EFECTO DIFERENCIAL DE CITOQUINAS PROINFLAMATORIAS SOBRE CÉLULAS EN ETAPA DE DIFERENCIACIÓN ERITROIDE

VOTA DAIANA; CHAMORRO MARÍA EUGENIA; CALLERO MARIANA; NESSE ALCIRA; VITTORI DANIELA

Mar del Plata, Provincia de Buenos Aires

Congreso; LII Reunión Científica Anual de la Sociedad Argentina de Investigación Clínica; 2007

La anemia de enfermedades crónicas se encuentra asociada a procesos inflamatorios caracterizados por la producción aumentada de citoquinas proinflamatorias. En trabajos previos hemos demostrado que la citoquina proinflamatoria TNF-alfa induce apoptosis de células K562 cuando se encuentran en etapa de diferenciación eritroide. El objetivo del presente trabajo es investigar si la IL-1beta produce el mismo efecto y avanzar en el estudio de los mecanismos de acción de ambas citoquinas sobre células diferenciadas. La hemina (H) 30 µM resultó ser un buen inductor de diferenciación eritroide, determinada por recuento diferencial con tinción por DAF (57,0±5,6%, 48 h), proceso que no fue afectado por TNF-alfa o IL-1beta. La IL-1beta produjo, al igual que el TNF-alfa un efecto diferencial sobre la línea celular K562. Mientras que la IL-1beta (30-100 µg/ml) incrementó la apoptosis (Hoechst) de células diferenciadas, no afectó a las indiferenciadas (H-IL 20,3±1,76%, IL 9,3±1,76%; P<0.05, n=3). Se corroboró que los efectos observados fueron causados por la acción de la citoquina y no por la hemina (H-IL 20,3±1.76%, H 11±1,73%; P<0.05, n=3).
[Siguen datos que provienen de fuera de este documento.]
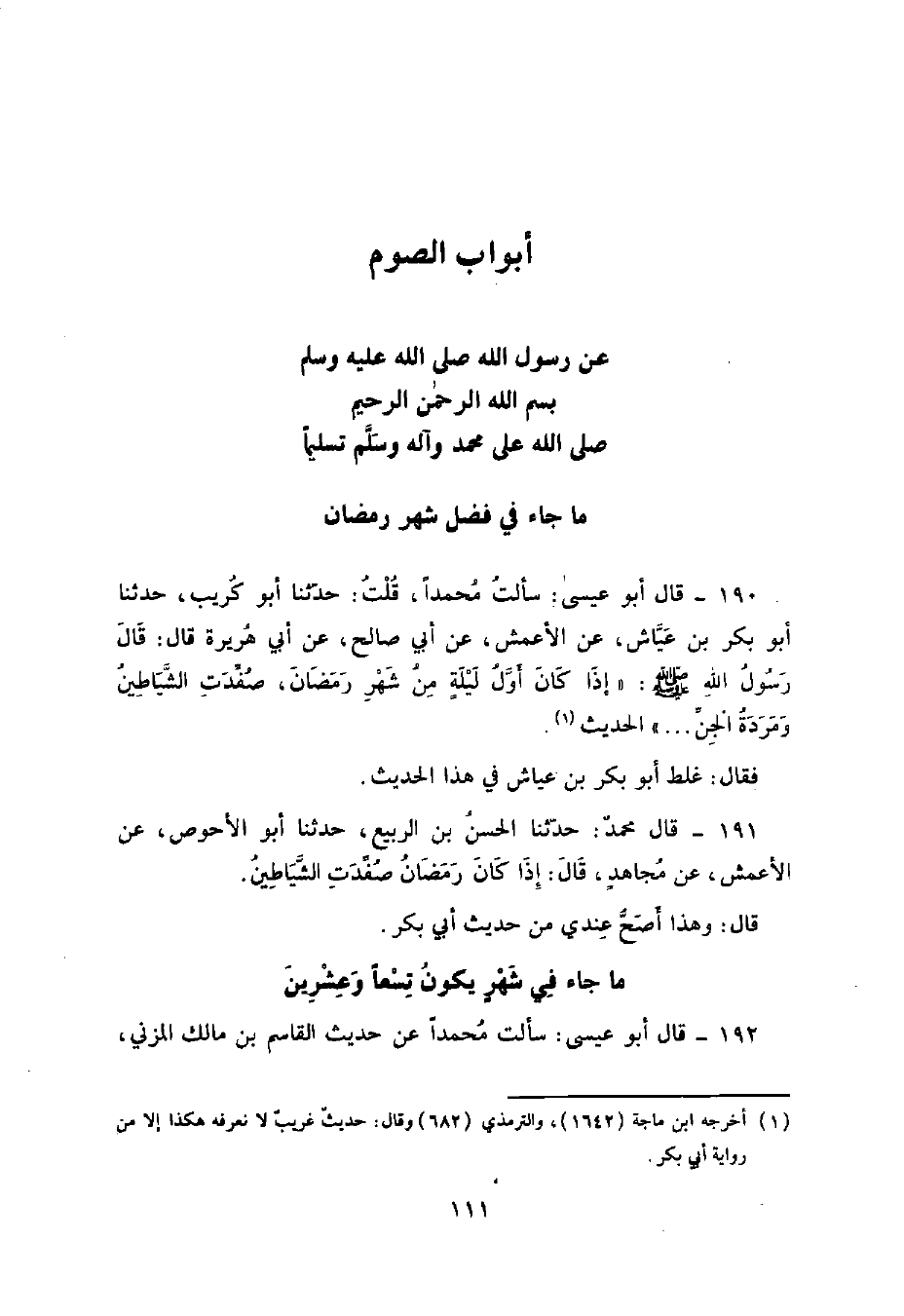 190 - قَالَ أَبُو عِيسَى: سَأَلْتُ مُحَمَّدًا قُلْتُ: حَدَّثَنَا أَبُو كُرَيْبٍ , حَدَّثَنَا أَبُو بَكْرِ بْنُ عَيَّاشٍ , عَنِ الْأَعْمَشِ , عَنْ أَبِي صَالِحٍ , عَنْ أَبِي هُرَيْرَةَ , قَالَ: قَالَ رَسُولُ اللَّهِ صَلَّى اللهُ عَلَيْهِ وَسَلَّمَ: «§إِذَا كَانَ أَوَّلُ لَيْلَةٍ مِنْ شَهْرِ رَمَضَانَ صُفِّدَتِ الشَّيَاطِينُ وَمَرَدَةُ الْجِنِّ» . الْحَدِيثُ. فَقَالَ: غَلَطَ أَبُو بَكْرِ بْنُ عَيَّاشٍ فِي هَذَا الْحَدِيثِ.
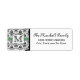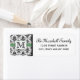 Trendy sage green, black and white damask pattern with an elegant monogram initial. Elegant monogrammed address labels that look beautiful as wedding address labels, family address labels, personalised address labels, and graduation return address labels and current address labels.
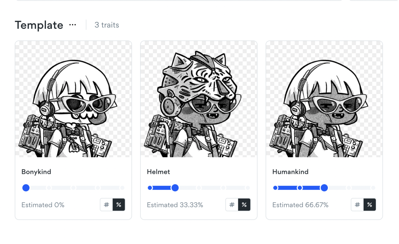 While this layer of complexity might be impossible to work around with other art generators, the Templates feature in Bueno made assigning traits to specific characters seamless.
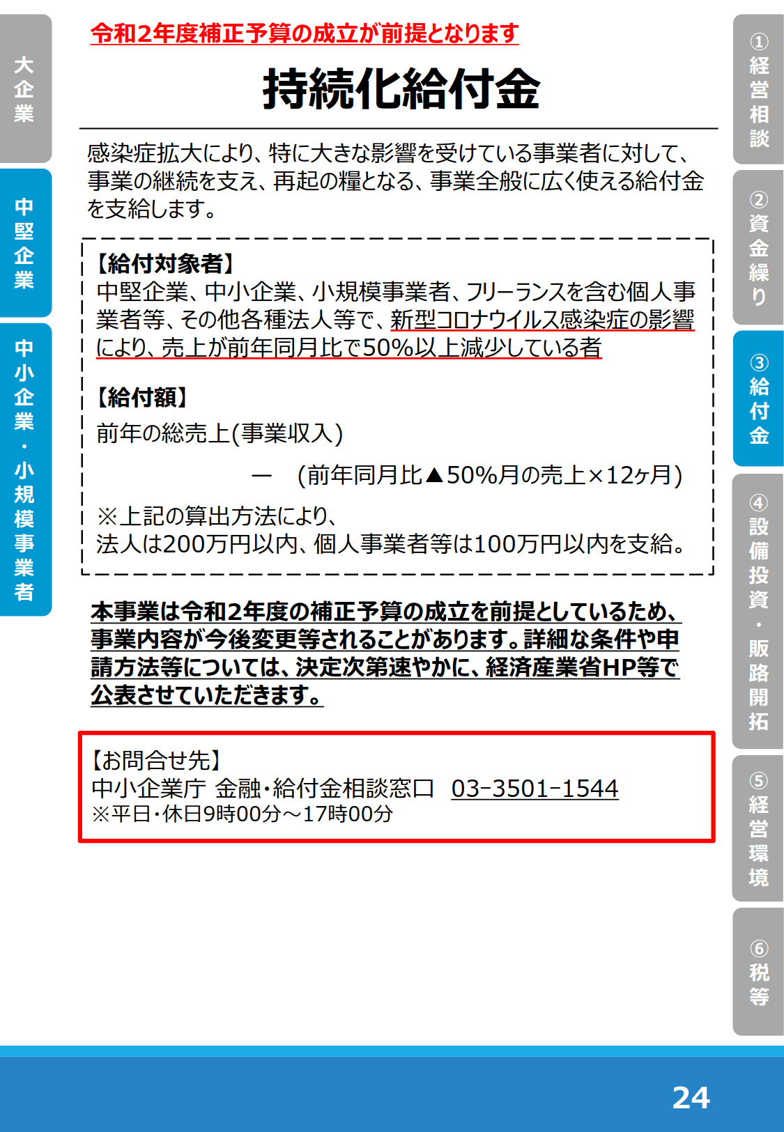 ■新型コロナウイルス感染症により影響を受ける中小・小規模事業者等を対象に資金繰り支援及び持続化給付金に関する相談を受け付けます(中小企業庁HP)
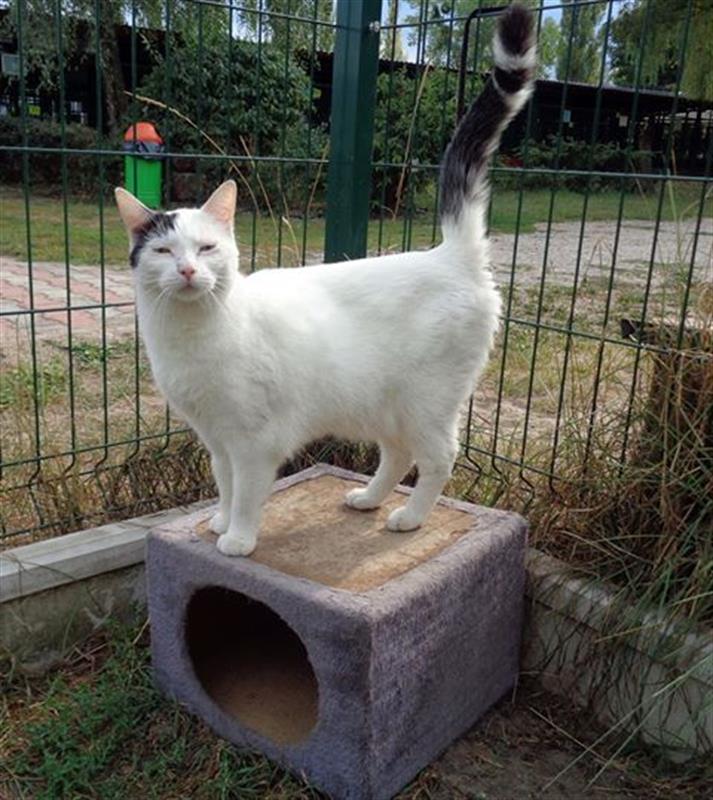 Albin trafił do schroniska w połowie czerwca. Został znaleziony przy ul. Janickiego (Pogodno). To spokojny i dojrzały, 7-letni kastrat. Pięknie umaszczony, niemal śnieżnobiały: z zabawnymi i charakterystycznymi łatami na głowie i ogonie. Jest teraz rezydentem tzw. kociarni żółtej, a jego numer ewidencyjny to 127/18.
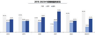 根據中國汽車流通協會發布的2023年上半年全國汽車經銷商生存狀況調查報告顯示,2023年上半年經銷商的虧損的比例爲50.3%,盈利的比例35.2%,持平的比例爲14.5%。虧損面處於近年的高位。
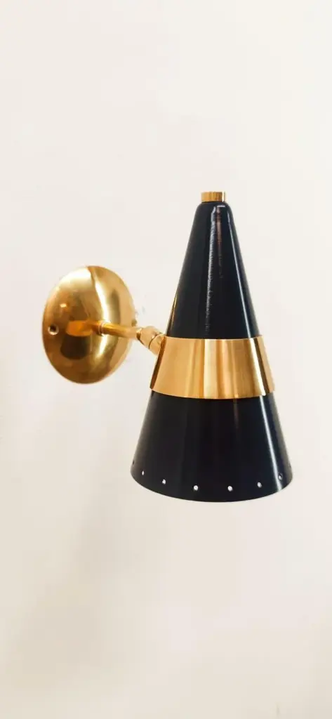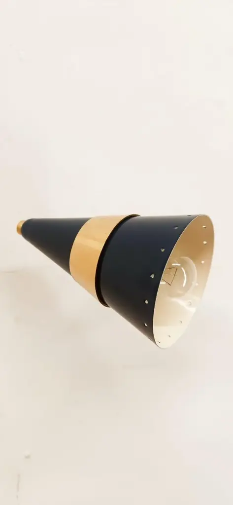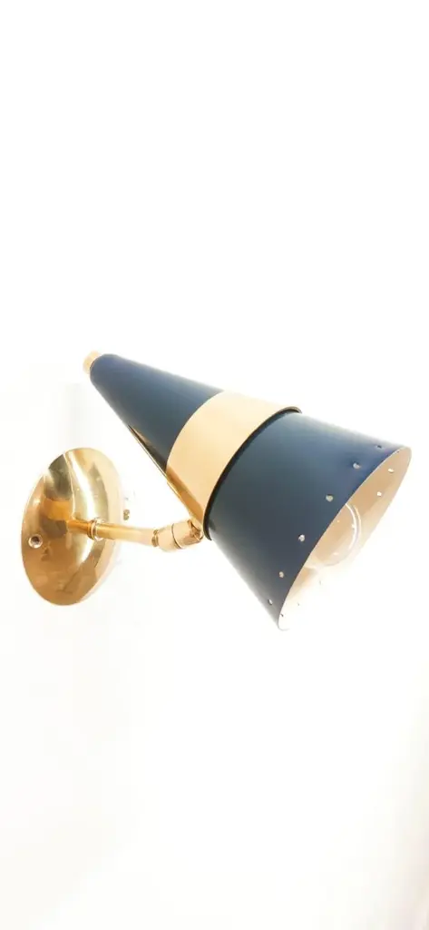 Blue & Gold Adjustable Sconce, in Very Good conditions. Designed 1970 to 1979 Up to 250V (Europe/UK Standard).The wiring of this item may be original and might need replacement, if not specified otherwise.

Los resultados de la actividad de caspasa 3 (clivaje de Ac-DEVD-pNA) en tratamientos con TNF-alfa o con IL-1beta concuerdan con los obtenidos por la técnica de Hoechst, confirmando la inducción de apoptosis vía caspasas. La diferenciación eritroide fue acompañada de una significativa disminución de los niveles de ARNm de c-FLIP, proteína supresora de señales apoptótica, determinados por Real Time PCR (H 1,23±0,04 vs. C 0,77<0,04 u. a., P<0.001, n=4). Se puede concluir que el proceso de diferenciación eritroide aumenta la sensibilidad de las células K562 a la acción proapoptótica de distintas citoquinas producidas durante el proceso inflamatorio. La disminución de la expresión de c-FLIP explicaría el efecto atribuido a TNF-alfa y a IL-1beta en presencia de H, sugiriendo la participación de c-FLIP en los mecanismos de la acción de las citoquinas proinflamatorias.